Development and Validation of a Tumor Mutation Burden-Related Immune Prognostic Signature for Ovarian Cancers

Ovarian cancer (OC), one of the most common malignancies of the female reproductive system, is characterized by high incidence and poor prognosis. Tumor mutation burden (TMB), as an important biomarker that can represent the degree of tumor mutation, is emerging as a key indicator for predicting the efficacy of tumor immunotherapy. In our study, the gene expression profiles of OC were downloaded from TCGA and GEO databases. Subsequently, we analyzed the prognostic value of TMB in OC and found that a higher TMB score was significantly associated with a better prognosis (p = 0.004).
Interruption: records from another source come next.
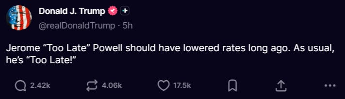 This is more than deflection. It’s a loyalty test for his supporters — a way of framing any criticism or bad news as part of an orchestrated plot, so that believing the jobs numbers means siding with the enemy.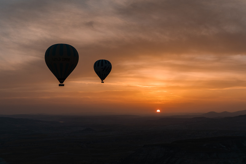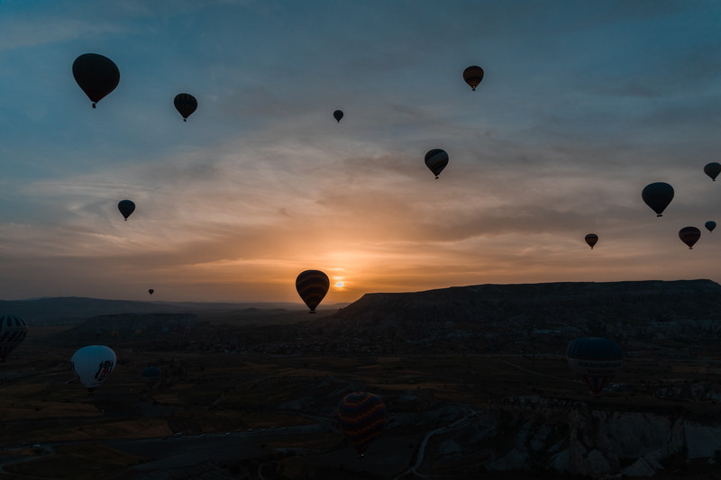 一切准备就绪后,我们就上了篮子,一个篮子20个人左右。在我还没感觉时,热气球已经离开地面缓慢升空了,热气球很平稳,所以害怕的情绪完全没了。我们是第一批升空的,之后别家的热气球也渐渐升空了。天空中越来越多的热气球,很壮观。到了天上,反而不冷了,因为我站在篮子中间,每次点火的时候,都给我带来一丝热量。大家都在疯狂自拍,而我在疯狂拍热气球。天慢慢亮起来了,日出带来了太阳的光,将山谷照的更加明亮和温暖,热气球也更加好看了。在天空中飘了1小时后,我们降落了,工作人员开香槟庆祝,给大家发了奖牌。大概热气球也是一场生命的冒险吧。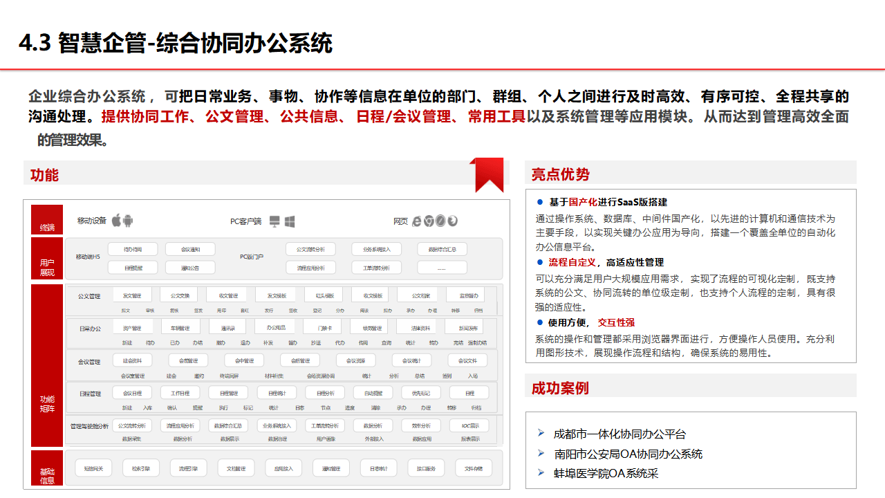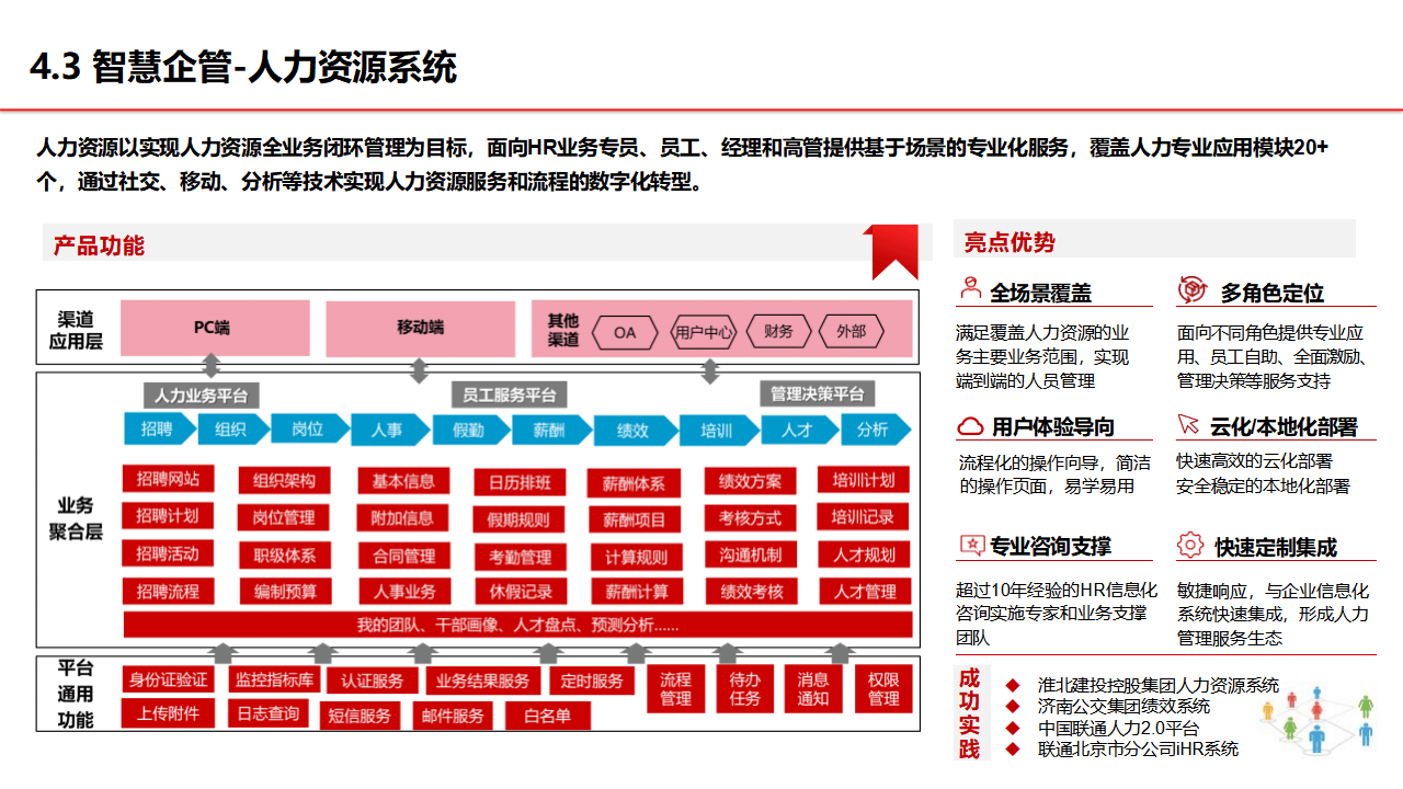 - 智慧HR: 覆盖招聘、培训、绩效、薪酬全生命周期,提供员工自助服务,提升员工体验。

According to the median score of TMB, 9 key TMB related immune prognostic genes were selected by LASSO regression for constructing a TMB associated immune risk score (TMB-IRS) signature, which can effectively predict the prognosis of OC patients (HR = 2.32, 95% CI = 1.68-3.32; AUC = 0.754). Interestingly, TMB-IRS is also closely related to the level of immune cell infiltration and immune checkpoint molecules (PD1, PD-L1, CTLA4, PD-L2) in OC. Furthermore, the nomogram combined with TMB-IRS and a variety of clinicopathological features can more comprehensively evaluate the prognosis of patients. In conclusion, we explored the relationship between TMB and prognosis and validated the TMB-IRS signature based on TMB score in an independent database (HR = 1.60, 95% CI = 1.13-2.27; AUC = 0.639), which may serve as a novel biomarker for predicting OC prognosis as well as possible therapeutic targets.

Automated summary

We found that tumor mutation burden (TMB) is closely associated with the prognosis of ovarian cancer (OC). The TMB associated immune risk score (TMB-IRS) signature can effectively predict the prognosis of OC patients. Furthermore, TMB-IRS is also correlated with immune cell infiltration levels and immune checkpoint molecules in OC.